After painstaking negotiations, the United States of America, Mexico, and Canada have finally reached a new agreement that will replace NAFTA: the United States-Mexico-Canada Agreement (“USMCA”). Although USMCA was reached and announced on September 30, 2018, the final version has not been published. However, a version, subject to legal review for accuracy, clarity, consistency, and language authentication was released. Once the parties have informed that they completed their internal approval processes, the USMCA will go into effect three (3) months following this announcement.
USMCA contains an investment chapter: Chapter 14. Like NAFTA, USMCA encompasses substantive protections as well as mechanisms to settle disputes arising out of violations of such investment protections. Chapter 14 does not apply to measures covered by Chapter 17 - Financial Services. Some of Chapter 14’s highlights include the following:
Chapter 14 applies only to the U.S. and Mexico
Although USMCA appears as a tri-partite treaty, Chapter 14 applies only to the U.S. and Mexico. In other words, Chapter 14 only protects Mexican nationals that invest in the U.S. and U.S. nationals investing in Mexico. However, existing investments in Canada and investments made by Canadian investors will be protected under the existing NAFTA regime for three (3) years after the USMCA goes into effect. Additionally, Mexico and Canada have signed the Comprehensive and Progressive Agreement for Trans-Pacific Partnership (“CPTPP”). Once it goes into effect, Mexican and Canadian investors/investments will benefit from the investment protections and dispute settlement mechanisms established in the CPTPP.
Two protection schemes
Chapter 14 protects investments as follows:
- General Investments. Protected investors will benefit from the following substantive protections, regardless of the sector: (i) National Treatment¹ (post-established investment), (ii) Most Favored Nation (post-established investment), and (iii) Direct Expropriation. The USMCA does not protect pre-established investment activities.
- Covered Government Contracts. Investors that have a written agreement in a covered sector will benefit from the protections of the General Investments, plus: (i) Minimum Standard of Treatment, (ii) Transfers, (iii) Performance Requirements, (iv) Senior Management and Boards of Directors, and (v) Indirect Expropriation (even though the term “tantamount to expropriation” has been removed). Covered sectors include oil and gas production, telecommunications, transportation, certain infrastructure, and power generation.
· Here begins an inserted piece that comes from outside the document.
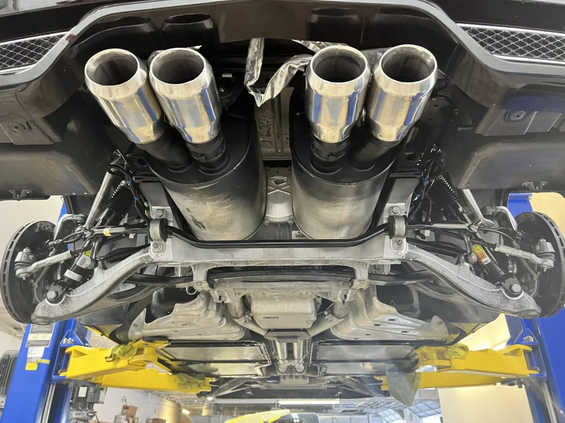 Mais les 129cv supplémentaires gagnés par rapport à la variante atmosphérique ne sont pas à mettre au seul crédit de cet appendice mécanique. Le V8 a été revu entièrement dans ses entrailles afin de pouvoir encaisser cette puissance coquette de 443 chevaux à 6.400 tr/mn et un couple de 57,2 mkg à 3.900 tr/mn. Il est à noter que 90% du couple maxi est disponible dès 2.500 tr/mn. Inutile donc d’ajouter que ce V8 goulu à souhait est puissant mais également très souple. Une souplesse à laquelle participe activement la boîte automatique à six rapports contre cinq sur la version atmosphérique.

Exhaustion of local remedies and statute of limitation
In sharp contrast to NAFTA, USMCA Chapter 14 expressly requires claimants to exhaust local remedies prior to initiating arbitration, except when “recourse to domestic remedies was obviously futile or manifestly ineffective.” Chapter 14 also requires claimants to obtain a final decision from respondent’s court of last resort or that thirty (30) months have elapsed from the date claimant initiated local proceedings.
Each system of protection grants different time limits for the submission of disputes to arbitration. In relation to General Investments, claimants should submit disputes to arbitration no more than four (4) years from the date on which claimant learned of the breach. With respect to Covered Government Contracts, no claims shall be submitted to arbitration if less than six (6) months have elapsed from the events giving rise to the claim and more than three (3) years have elapsed from the date on which the claimant learned of the breach.
Legacy Investment claims
Under USMCA, Annex 14-C, investments made during NAFTA’s life and those that remain when USMCA goes into effect will be protected under NAFTA for three (3) years after NAFTA’s end. Arbitrations that started under the provisions of NAFTA 1994 will continue and remain unaffected when the above term expires.
Changing of hats discussion
During the UNCITRAL thirty-fifth session, States expressed in the Report of Working Group III concerns regarding the conflict of interest created by some arbitrators acting with “triple” or even “quadruple” hatting. The USMCA, Annex 14-D, Article 6, provides that arbitrators need to comply with the IBA Guidelines on Conflicts of Interest and they must refrain from “changing hats;” that is, arbitrators cannot act as counsel, appointed expert, or witness in a pending arbitration under this Chapter. Further, challenges to arbitrators will be governed by the procedure set in the UNCITRAL Arbitration Rules.
The USMCA does not contain a Preamble like other recent FTAs involving the United States of America, stating that the protections provided to foreign investors in the USMCA shall be no more substantial than those provided under U.S. or domestic law.
Other departures from the NAFTA text deserve some comment but at this stage some of the main differences are pointed out above. We will be following up on this matter as it will have a huge impact on future investment proceedings.